■ **PROBLEM TO SOLVE**: Everything from the line with "м больше, чем" to the line with "This is a cute" in the listing below, both lines included, needs to be copied exactly, apart from the pictures.

■ **PROVIDED INFORMATION**:
--

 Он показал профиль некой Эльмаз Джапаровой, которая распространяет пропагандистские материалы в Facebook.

--

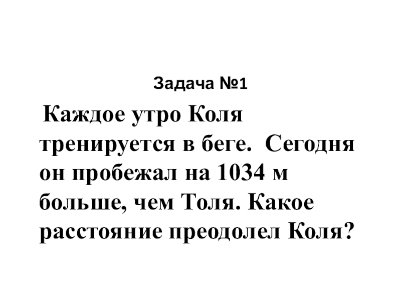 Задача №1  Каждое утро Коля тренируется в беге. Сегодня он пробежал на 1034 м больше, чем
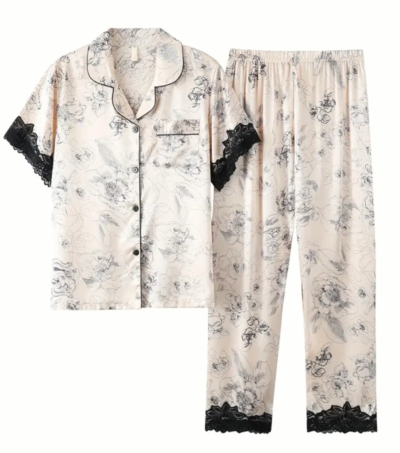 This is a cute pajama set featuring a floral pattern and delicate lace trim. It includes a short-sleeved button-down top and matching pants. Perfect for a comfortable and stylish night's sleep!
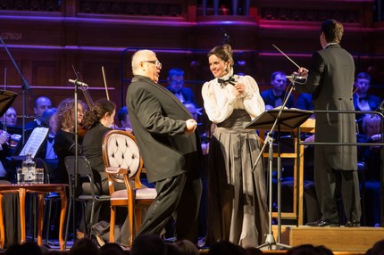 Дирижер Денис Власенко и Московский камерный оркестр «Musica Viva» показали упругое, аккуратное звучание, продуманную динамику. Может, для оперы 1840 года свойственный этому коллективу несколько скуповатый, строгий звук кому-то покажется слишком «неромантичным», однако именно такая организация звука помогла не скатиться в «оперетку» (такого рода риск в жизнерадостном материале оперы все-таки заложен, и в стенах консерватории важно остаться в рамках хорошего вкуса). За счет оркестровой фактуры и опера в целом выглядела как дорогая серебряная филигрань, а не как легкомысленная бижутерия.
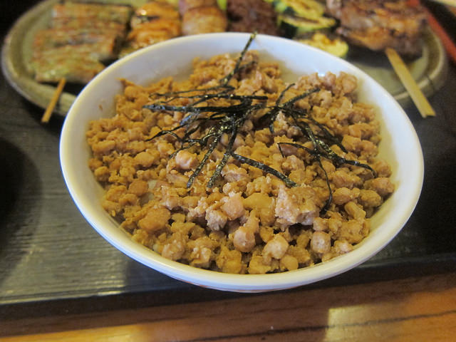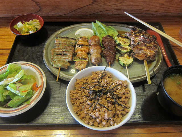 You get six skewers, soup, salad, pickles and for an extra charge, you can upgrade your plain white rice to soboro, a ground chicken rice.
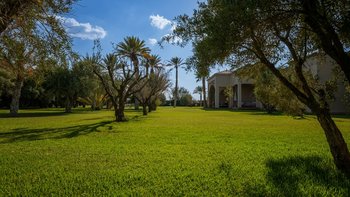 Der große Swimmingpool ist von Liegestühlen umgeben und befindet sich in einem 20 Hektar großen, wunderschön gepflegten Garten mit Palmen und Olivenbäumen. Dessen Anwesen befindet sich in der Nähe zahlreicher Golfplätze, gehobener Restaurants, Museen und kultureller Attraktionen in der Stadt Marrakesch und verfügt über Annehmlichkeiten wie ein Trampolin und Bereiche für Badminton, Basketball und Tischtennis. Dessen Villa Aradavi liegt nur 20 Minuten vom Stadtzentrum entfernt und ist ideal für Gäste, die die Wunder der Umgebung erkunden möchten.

--

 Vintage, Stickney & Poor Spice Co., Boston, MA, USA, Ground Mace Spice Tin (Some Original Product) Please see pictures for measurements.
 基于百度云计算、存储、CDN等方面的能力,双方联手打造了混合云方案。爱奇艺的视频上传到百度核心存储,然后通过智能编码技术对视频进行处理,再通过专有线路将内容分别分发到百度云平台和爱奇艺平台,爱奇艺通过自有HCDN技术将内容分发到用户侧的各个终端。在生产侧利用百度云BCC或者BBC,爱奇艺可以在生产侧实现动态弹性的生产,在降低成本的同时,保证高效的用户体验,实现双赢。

--

■ **SOLVED PROBLEM**:
 Задача №1  Каждое утро Коля тренируется в беге. Сегодня он пробежал на 1034 м больше, чем
 This is a cute pajama set featuring a floral pattern and delicate lace trim. It includes a short-sleeved button-down top and matching pants. Perfect for a comfortable and stylish night's sleep!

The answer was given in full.